Rufus Firefly | Pixley, KS | 07/18/2004
(5 out of 5 stars)
"Each of the 20 cuts on Danny Cohen's spectacular Museum of Dannys maintain their own identity, a remarkable achievement and of itself when you consider that the highest degree of pop music integrity and inventive diversity are achieved at every twisting and surreal bend in the music. These songs, released on Tzadik in 1999 and just now receiving some deserved attention because of the audacious follow-up, Dannyworld, were executively produced by avant master John Zorn and recorded at a variety of places for a variety of producers over, I'm not exactly sure, over a period of time, truly represent what is both missing in commercial pop and what is needed for songwriters. These songs are breathtakingly intricate, scarily tender, and often burtsts of pure joy.
I used surreal earlier and I don't mean "Weird" or "man, what a nightmare series of circumstances, dude," but rather the true intent from the dada-influenced originals: the layering of realities, often randomly, to produce unusual juxtapositions of reality that both merge and don't merge. Within that tension of precarious balance Cohen's song structures, or even Cohen's remarkable voice, play off the eclectic roots of these witty edifices. He uses the studio for full effect, adding depth and weirdness; he uses, moreover, the considerable talents of his fellow mountebanks, true originals, and jazzy charlatans, Ralph Carney, Snake on bass, Dave Hurst on everything and the kitchen sink, and the beauty of John Lapado's lap steel.

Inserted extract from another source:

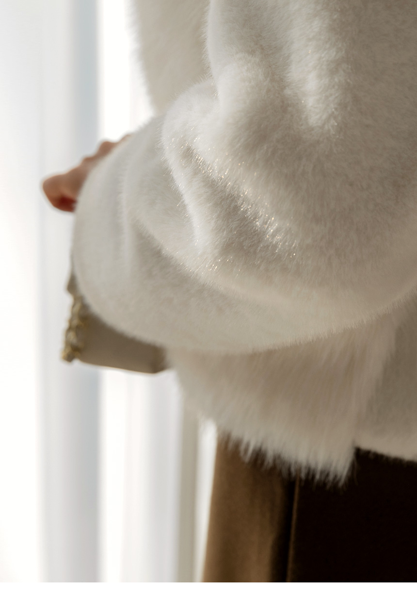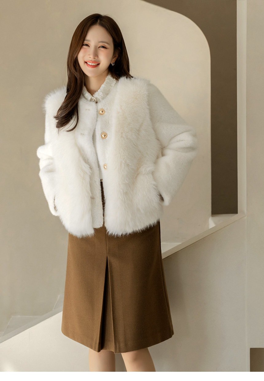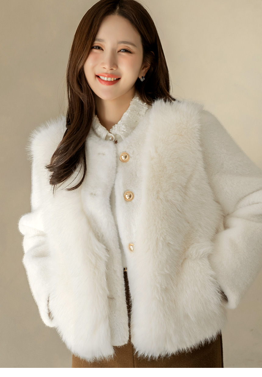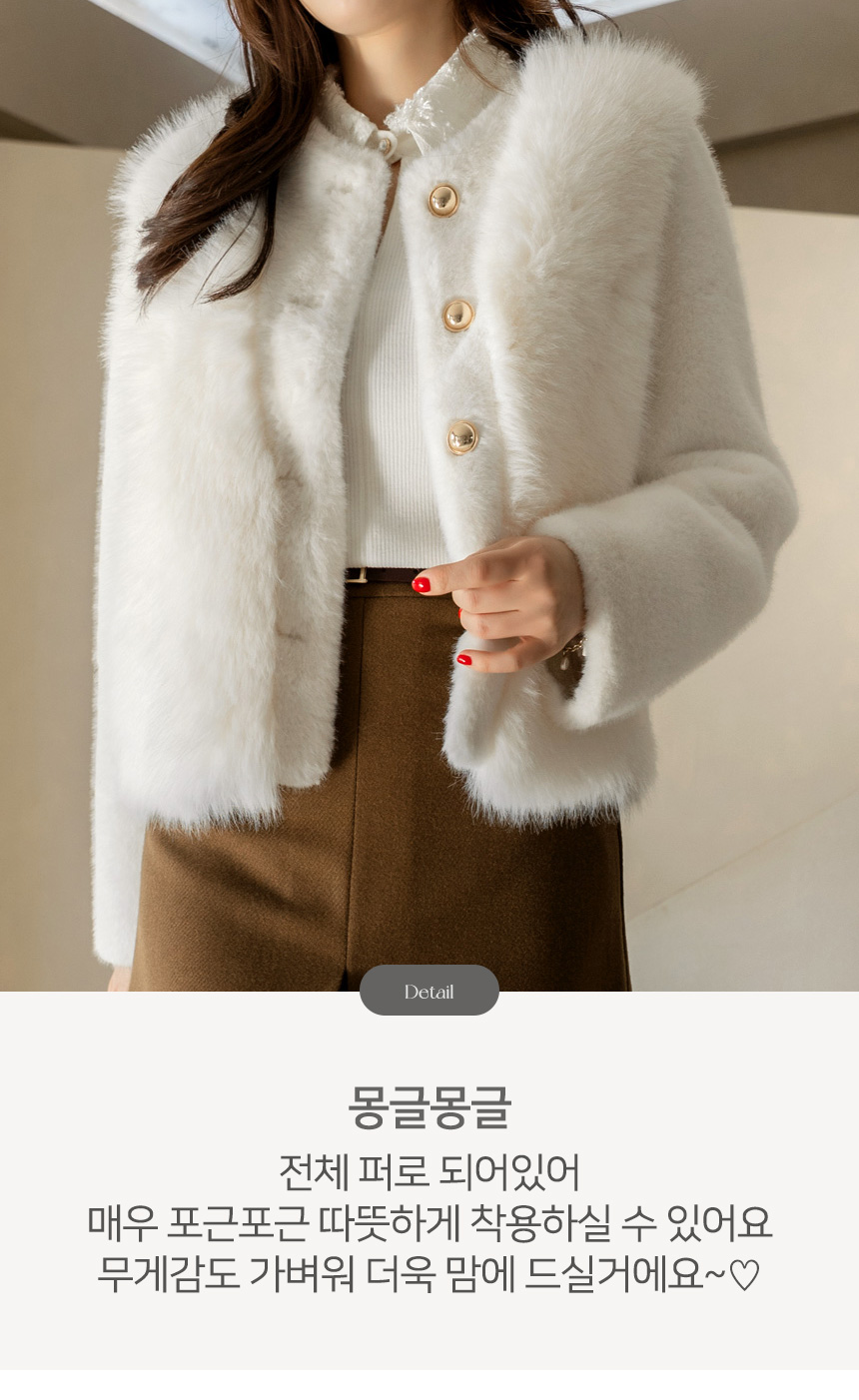 촘촘하게 들어간 풍성한 퍼 자켓으로

But by surreal or unusual I should not be stressing that which is obvious: Danny Cohen, fearlessly, embraces American Pop Music and all its varieties and playfully conflates genre upon genre, like rodeo rhythms and art songs, like confessional Brill Building odes with synthesizers straight out of German expressionist cinema. The lyrics are hilarious, the musicianship startling, and the packaging, featuring one family photo at Christmas that reveals a torn edge, a black rectangle, where once the father, or grandpa sat, is amazing. Everything about this album reeks of intelligence, like Magnetic Fields, with a fresh way to look at the underbelly of Cohen's native California, like Tom Waits' middle period of genius, combined with a fierce devotion for the truth. These elements powerfully combined here take me to places where, surreal-like, I have never been before as an audience member: Brecht/Weil on mushrooms? Captain Beefheart as lounge act? Robert Wyatt as rapper? Lord knows,. But please Mr Record Executive, don't take my Danny Cohen away."